Discovery’s R1 million grant to Childsafe NGO a total “game-changer”

22/08/2017 | By Admin

THE biggest killer of South African children aged between one and 18 is not infectious disease – it’s a mix of accidents and injuries.

In South Africa, most children – some 32% – die in road traffic crashes, followed by drowning (17 %) and burn wounds at 9 %. All are preventable. It’s this very prevention that drives the NGO Childsafe South Africa which provides critical research and intervention programmes to reduce and prevent intentional and unintentional childhood injuries.

A R1 million grant from Discovery last year, as part of the Discovery Foundation Excellence Awards programme, has been a “game-changer” for the organisation.

Said Childsafe chair, Professor Sebastian van As: “This funding has made it possible to appoint a new executive director to drive our programmes from the Western Cape, where Childsafe is based, to other provinces in the near future and especially to Gauteng and KwaZulu Natal.”

Childsafe’s expansion focus includes training workshops for healthcare professionals such as special care nurses, general nurses an social workers, to educate and empower them to take comprehensive knowledge on childhood injury prevention into their communities.

Since receiving the grant, a series of insights resulting from Childsafe’s work and research has been published by the South African Medical Journal in their 2017 editions. These insights include access to clean, safe and sustainable energy technologies for impoverished families, the use of child restraints in motor vehicles, research into physical and sexual violence against children, the prevention of ingestion of caustic and foreign bodies by young children, policy on protecting children, and more.

“Our current growth phase is very exciting for us as we will expand our activities and spread our message to help more people create safer environments for children,” says Van As.

“The roads are hazardous for all South Africans, with children often exposed to danger in minibuses on their way to or from school,” said Van As, based at the Red Cross War Memorial Children’s Hospital in Cape Town. “Every year we treat around 200 kids ejected from cars because they were not strapped in. That’s almost one a day.”

Childhood deaths are only the tip of the iceberg, he said. “Vast numbers of children are left with physical and mental scarring, mutilation and disability. As expected, the greatest burden is carried by low- and middle-income countries and regions, where over 95 % of all deaths of injured children occur,” he said.

“It’s a tragedy. We are working to create a society in which all children can grow up safely and prosper without the threat of a serious injury impacting on their lives.”

By studying the various injuries that children present with, Childsafe has identified patterns of injury and ways to prevent them. “We set up a database to clearly identify the causes and effects of accidents. We have entered information on close to 200 000 children and with this, we design programmes to help prevent accidents,” said Van As.

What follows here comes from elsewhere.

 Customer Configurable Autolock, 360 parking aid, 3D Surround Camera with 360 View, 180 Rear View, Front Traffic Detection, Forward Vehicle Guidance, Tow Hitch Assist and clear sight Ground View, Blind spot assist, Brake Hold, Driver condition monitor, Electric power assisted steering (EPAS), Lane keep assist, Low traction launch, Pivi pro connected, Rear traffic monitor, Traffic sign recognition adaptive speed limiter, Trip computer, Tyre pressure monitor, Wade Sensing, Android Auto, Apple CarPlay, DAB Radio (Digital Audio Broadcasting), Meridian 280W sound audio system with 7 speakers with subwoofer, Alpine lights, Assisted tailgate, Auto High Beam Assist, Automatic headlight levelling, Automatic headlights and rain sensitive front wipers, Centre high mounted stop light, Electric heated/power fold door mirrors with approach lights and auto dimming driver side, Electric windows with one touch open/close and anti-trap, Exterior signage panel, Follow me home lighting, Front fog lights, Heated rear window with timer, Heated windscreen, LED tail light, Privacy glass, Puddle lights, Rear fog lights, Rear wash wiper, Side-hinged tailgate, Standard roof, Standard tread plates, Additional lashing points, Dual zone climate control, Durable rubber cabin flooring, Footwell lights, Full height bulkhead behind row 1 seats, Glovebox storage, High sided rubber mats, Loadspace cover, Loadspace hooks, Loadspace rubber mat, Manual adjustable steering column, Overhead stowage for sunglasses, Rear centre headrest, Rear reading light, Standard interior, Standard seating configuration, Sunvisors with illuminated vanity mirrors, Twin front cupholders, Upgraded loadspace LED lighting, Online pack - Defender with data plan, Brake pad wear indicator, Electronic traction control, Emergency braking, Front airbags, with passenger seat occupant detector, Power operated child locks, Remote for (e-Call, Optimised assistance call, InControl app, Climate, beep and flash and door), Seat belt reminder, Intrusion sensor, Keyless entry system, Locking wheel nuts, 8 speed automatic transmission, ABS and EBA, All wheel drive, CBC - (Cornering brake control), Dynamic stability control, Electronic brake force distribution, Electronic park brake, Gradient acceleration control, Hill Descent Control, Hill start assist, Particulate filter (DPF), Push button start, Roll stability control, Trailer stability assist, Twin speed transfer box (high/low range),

The Red Cross Children’s Hospital alone treats approximately 10 000 injured children annually.

The Discovery Foundation Awards, launched in 2006, have over the past decade secured significant investment for individuals and programmes engaged in bringing excellence into public healthcare.

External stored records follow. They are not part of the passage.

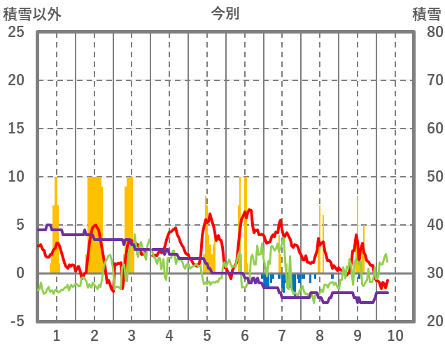 | 日 | 時 | 気温 | 降水 | 風向/風速 | 日照 | 積雪 | 降雪 |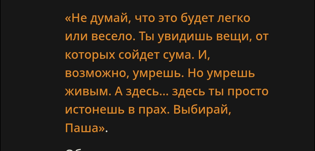 И этот вопрос, повисающий в воздухе... это единственный вопрос, который имеет значение. Какие новые горизонты мы откроем для себя, обретя это понимание?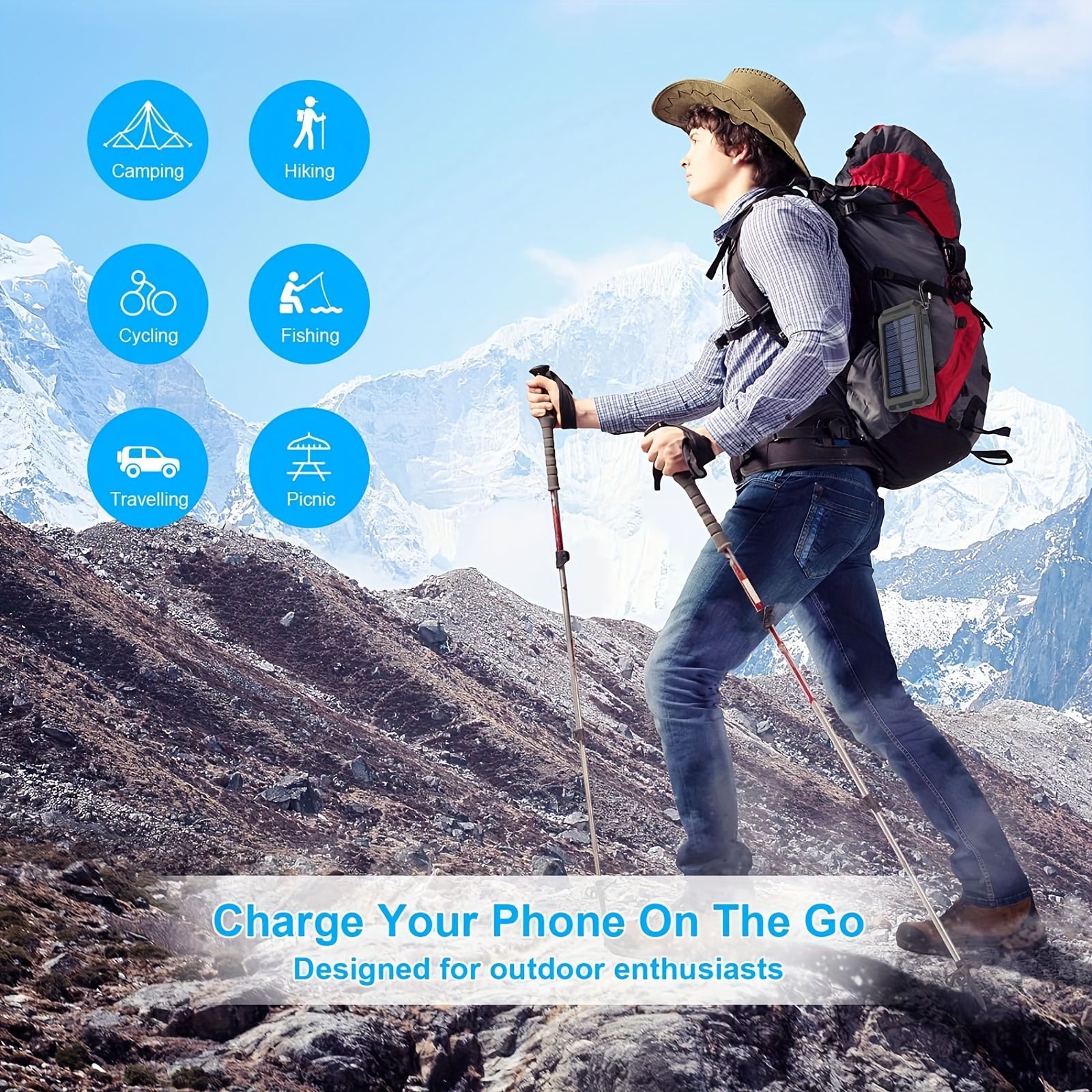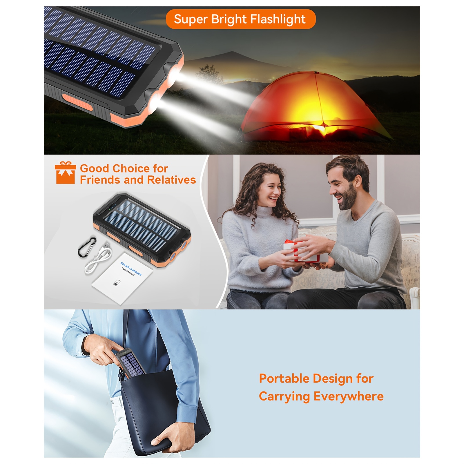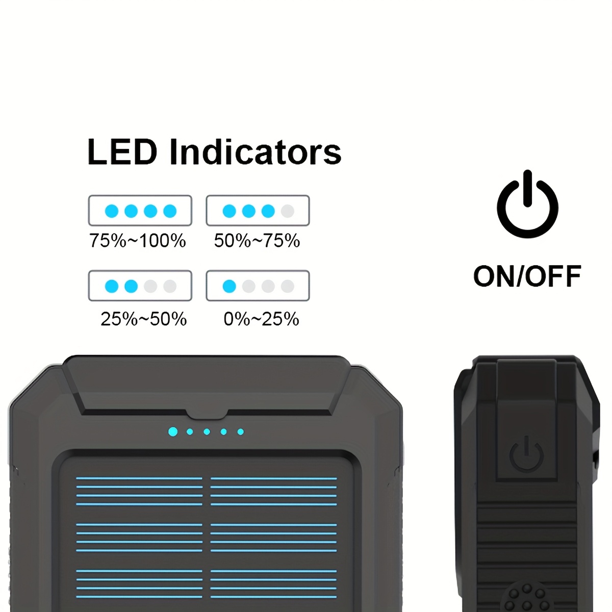 1 Unidad, Batería Externa Solar de Muy Alta Capacidad de 8000Mah – Baterías Externas Portátiles con Cargador Solar, Linternas LED Duales y una Puerto de Salida USB Adecuado para iOS, Android, Camping al Aire Libre y Requisitos de Energía de Emergencia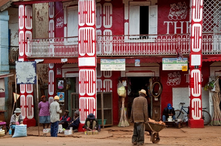 Madagascar Graphisme, Nature morte épicerieétalesmaisonmarchandspassantpassantsrouge-blanc

Said Ruth Lewin, Discovery’s head of corporate sustainability: “Our grant to Childsafe recognises their crucial efforts to protect children, and has allowed them to begin expanding their operations throughout South Africa.“

The Discovery Foundation Awards have over the past decade secured significant investment in:

  • Cultivating skilled medical professionals in all areas of healthcare – and especially in areas of greatest need.
  • Training people and investing in medical education to support existing government programmes and address resource and skills gaps.
  • Building experienced specialist skills in South Africa to ensure available skills to train the next generation of healthcare providers.
  • Nurturing and keeping much-needed medical skills in rural communities.
  • Improving on environments and infrastructure that support training and development of medical professionals.

The Discovery Foundation has supported the training of 300 new medical professionals working in South Africa’s public healthcare system. “There is a specific focus on producing talent to address under-resourcing in rural areas, to further Academic Medicine and to increase the number of sub-specialists in the country, particularly in areas of greatest need,” said Lewin.

The awards are allocated annually by the Discovery Foundation and offer financial support to talented academics and clinicians to allow them further training, research and development in their field.

“Hundreds of outstanding doctors and institutions have received Discovery Foundation Awards over the past 10 years. Many have tangibly improved health outcomes for the people and communities they serve, while others have gone on to influence policy on a broader scale.

“The annual Discovery Foundation Awards represent Discovery’s investment in promising medical professionals dedicated to excellence in the public sector, and to propelling them forward in their academic and clinical ambitions to the benefit of all South Africans,” adds Lewin.